Your instructions: Leave every picture out and give back the lines below from the first through the line that holds "vegetables, and roasting.", exactly as written.

Recorded information:
-------

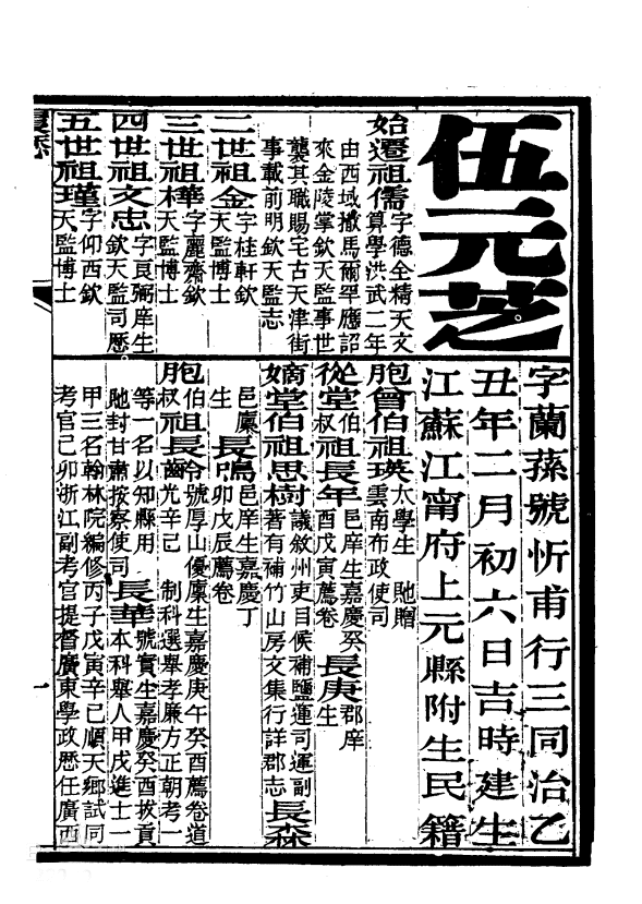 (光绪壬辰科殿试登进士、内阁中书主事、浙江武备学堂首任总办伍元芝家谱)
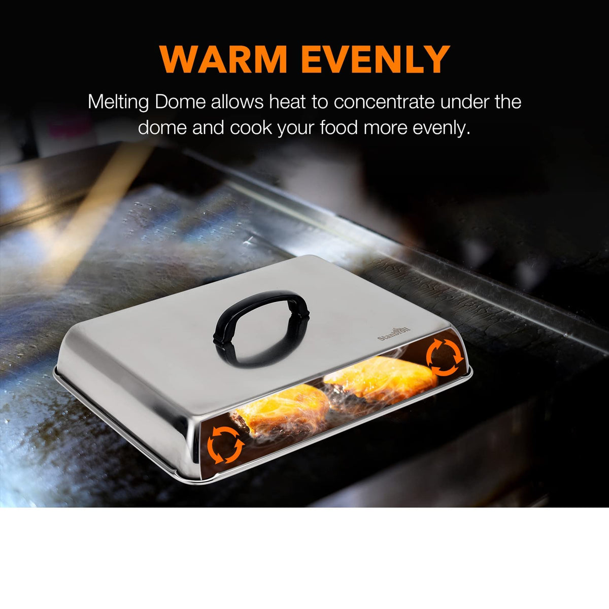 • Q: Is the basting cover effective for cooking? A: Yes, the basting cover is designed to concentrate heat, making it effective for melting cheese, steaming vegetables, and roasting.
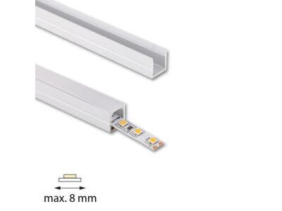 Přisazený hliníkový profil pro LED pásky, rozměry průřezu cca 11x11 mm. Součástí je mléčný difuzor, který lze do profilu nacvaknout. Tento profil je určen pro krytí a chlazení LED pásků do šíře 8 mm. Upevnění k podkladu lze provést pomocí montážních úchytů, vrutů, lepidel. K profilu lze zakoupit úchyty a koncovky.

-------

Task result:
 (光绪壬辰科殿试登进士、内阁中书主事、浙江武备学堂首任总办伍元芝家谱)
 • Q: Is the basting cover effective for cooking? A: Yes, the basting cover is designed to concentrate heat, making it effective for melting cheese, steaming vegetables, and roasting.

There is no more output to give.